Fork me on GitHub

Has anyone had any luck computing a :content-md5 satisfactory to Amazon S3, via Amazonica?

One twist is that I am gzipping my content, but I tried computing the MD5 off both the gzipped and ungzipped content, no luck. 

The google got me this far computing the md5 param:

(-> (util/json-to-gzip-bytearray "helloworld")
      (bt/encode :base64 {:url-safe? false})

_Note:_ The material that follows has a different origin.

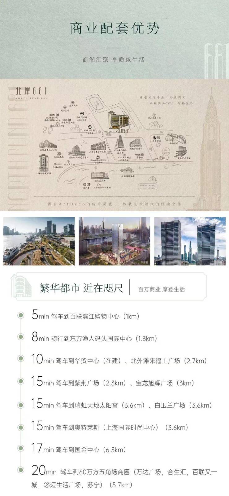 1Omin 驾车到华贸中心(在建)、北外滩来福士广场(2.7km)

FWIW, I stored once without the MD5 and then got back S3s MD5, "gwD+BwffF71J92+mTz2LPA==", and that works dandy. My code above yields "ODMwMGZlMDcwN2RmMTdiZDQ5Zjc2ZmE2NGYzZDhiM2M=". Just a hair off. :

I also saw somewhere that the MD5 digest must be converted from hex to integer and _that_ converted to base64. Tried that, no luck.

Any tips, links, guesses are welcome! Thx.


I would be very suspicious of all that code


very easy to get encoding, or bytes vs. characters wrong


the java code for getting an md5sum should just return a byte array


@hiskennyness I've been able to calculate matching MD5s using, comparing my local files with what comes back from


Here's my comparison code

(defn duplicate-file? [s3-file local-file]
  (when (some? s3-file)
    (let [s3-md5 (str/replace (:ETag s3-file) "\"" "")
          local-md5 (digest/md5 local-file)]
      (= local-md5 s3-md5))))


Interesting. I will explore that. But S3 wants a base64 encoding passed to it if I want it to validate my upload, and I think that is where I am stuck. Thx, tho! I will learn sth playing with that.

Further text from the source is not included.